Notes on the 'Nucleotide-by-nucleotide' plot:

This is a nucleotide-by-nucleotide plot of the likelihood ratio statistic for each reference - non-reference sequence pair and also summed over the phylogenetic tree. Gaps, and stop and start codons for each sequence, are also annotated on the plot. The six panels show the following information:

1. This panel displays the raw likelihood ratio scores at each position in the alignment. There is a seperate track for each reference - non-reference sequence pair (labelled at the right). Gaps, and stop codons in each of the null and alternate model annotated CDSs, for each sequence, are marked on the appropriate tracks.
   
   
2. This panel displays the raw likelihood ratio scores, summed over the phylogenetic tree (i.e. the input list of sequence pairs; details), at each column position in the input alignment.
   
   
3. This panel displays the running mean (i.e. sliding window mean) likelihood ratio scores at each position in the alignment, for each reference - non-reference sequence pair. The sliding window width is annotated on the plot, and can be changed via the 'Redraw plot' link.
   
   
4. This panel displays the running mean of the phylogenetically summed likelihood ratio scores (i.e. running mean of panel 2).
   
   
5. This panel shows the input Query, or alternate model, CDS(s) (red bars) and the input Known, or null model, CDS(s) (blue bars).
   
   
6. This panel shows the phylogenetic sum of sequence divergences (mean number of mutations per nucleotide) for the sequence pairs that contribute to the likelihood ratio sum at each position in the alignment. In any particular column, some sequences may be omitted from the likelihood ratio calculations due to gaps or stop to non-stop transitions. Statistics in regions with lower summed divergence (i.e. partially gapped regions) have a lower signal-to-noise ratio.
   
   

Notes:

• Statistics are only shown within the query region.

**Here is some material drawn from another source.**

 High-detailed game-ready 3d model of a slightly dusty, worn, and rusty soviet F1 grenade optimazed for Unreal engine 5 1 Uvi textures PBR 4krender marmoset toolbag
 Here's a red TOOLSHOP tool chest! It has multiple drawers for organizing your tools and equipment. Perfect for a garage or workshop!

• For panel 4, any columns with gaps (or ambiguous nt codes), in any sequence in the input list of sequence pairs, are omitted. Such columns are omitted before taking the running mean. Thus where gaps occur a, for example, 21 nt window includes a total of 21 columns taken from either side of the gap but none from within the gap. On the 'Redraw plots' page, you may choose to extend the plot into partially gapped regions, provided the summed divergence of the contributing sequence pairs in the region is greater than some user-defined threshold value (details).
• In general, you shouldn't have any null or alternate model stops on the reference sequence track. If there are any, then this means that the 'Known CDSs' or 'Query CDSs' (respectively) that you inputted are not in fact ORFs. I.e. you have probably misannotated your CDSs.

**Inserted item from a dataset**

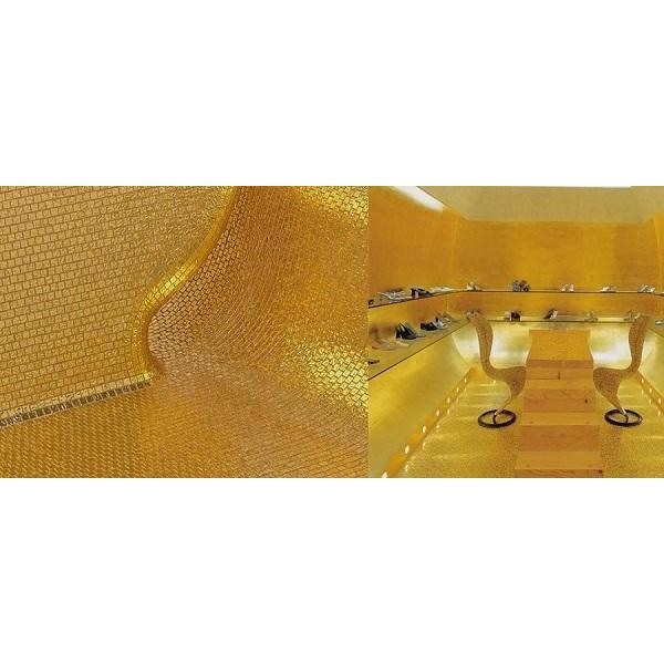 Weave square by format 2x2cm , coated in yellow gold leaf with relief effect , to give three-dimensionality to a mosaic that would leave you breathless on its own.
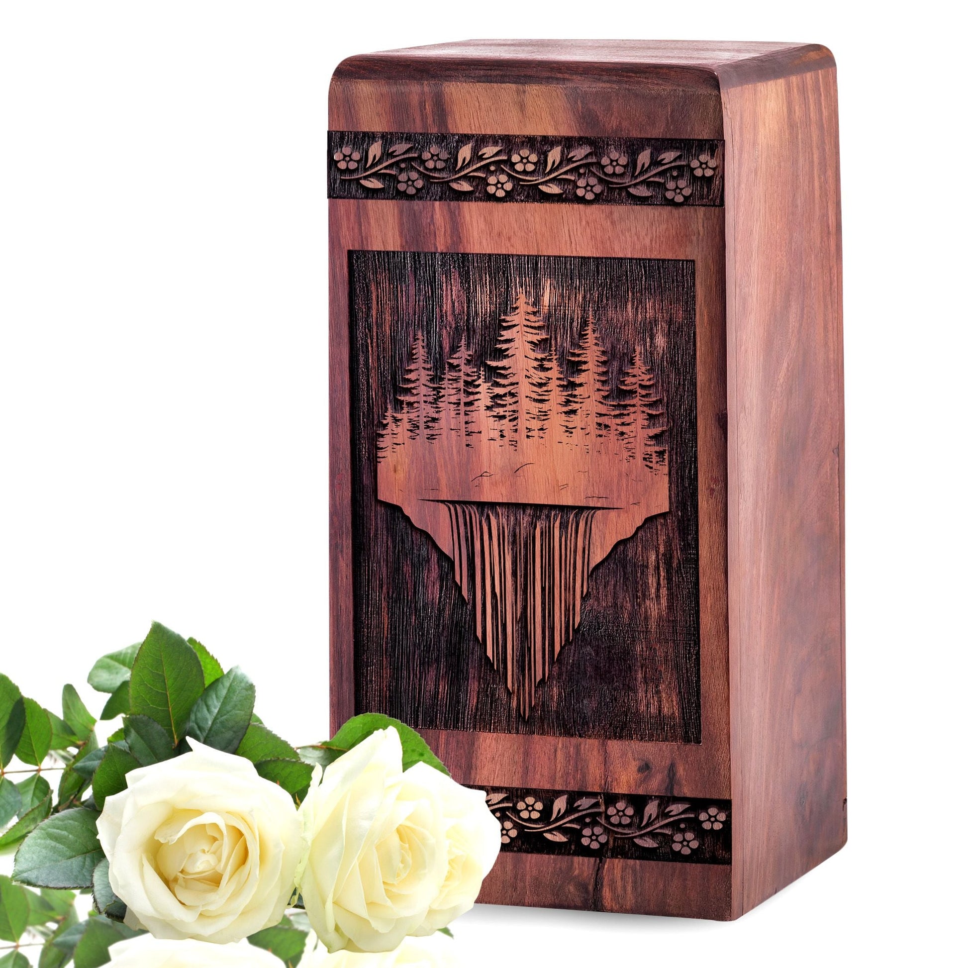 Wooden Forest Urn for Ashes - Handcrafted Memorial Box

• In general, you wouldn't expect to have null model stop codons in any of the sequences. The null model represents known CDSs, which are typically conserved across an alignment. Stops in some sequences near the ends of CDSs are not too unusual and indicate that the CDS terminates early in some sequences. However, if some sequences have many null model stops, then this may indicate a CDS annotation problem.
• If there are no alternate model stops in the non-reference sequences, or any stops are located close to the 'Query CDS' end-point, then this indicates that the 'Query CDS' is conserved as an ORF across the alignment. For a long ORF, this in itself may be strong evidence that the ORF is a CDS. On the other hand, if there are many alternate model stops, then this is evidence against the ORF being a CDS, at least in some sequences.

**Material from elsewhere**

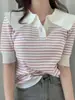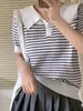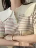 Vintage listrado gola polo suéter de manga curta feminino verão ombro fino camiseta moda antienvelhecimento bonito top roupas
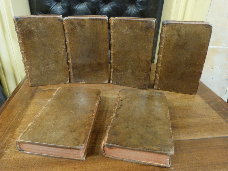 Paris, Cavelier, 1738. 5 tomes en 6 volumes in-12, plein veau époque, dos à nerfs ornés de fleurons, de motifs floraux et de filets dorés, titre doré, toutes tranches rouges. Faux-titre, titre, 2 ff non chiffrés, 548 pp, 2 ff non chiffrés; faux-titre, titre, 527 pp; faux-titre, titre, 525 pp; faux-titre, titre, 609 pp; faux-titre, titre, 743 pp (pagination continue entre les 2 derniers volumes), 33 pp (Oeuvres diverses). Ouvrage illustré d'un portrait de l'auteur. 1 ex-libris armorié contrecollé sur le contreplat supérieur appartenant aux marquis Barbeyrac de Saint-Maurice, famille de Haute-Provence et un ex-libris manuscrit sur une page de garde, appartenant à Jean de Vichet de Montpellier. 3 coiffes restaurées, 3 coiffes manquantes, manques sur 4 coiffes, coins émoussés, 1 fente sur 1 mors, papier roussi par endroits, quelques rousseurs et brunissures, petite mouillure au début du tome II.

• Note that alignment problems may cause a non-reference sequence codon to be aligned out-of-frame to a reference sequence codon. This may occassionally result in an out-of-frame non-reference sequence stop codon being incorrectly annotated on the plot. This can be avoided by keeping gaps in groups of three within the null and alternate model CDSs (see also this note). Therefore, if you have an isolated stop codon in what otherwise appears to be a long conserved ORF, you should check that it is not the result of a local alignment problem.
• Note also that in places where the reference sequence contains alignment gaps, there is no frame information for the non-reference sequences. As far as calculation of statistics is concerned, all such regions are omitted. However for the stop and start codon annotation, any non-reference sequence stops or starts within reference sequence gaps will be missed.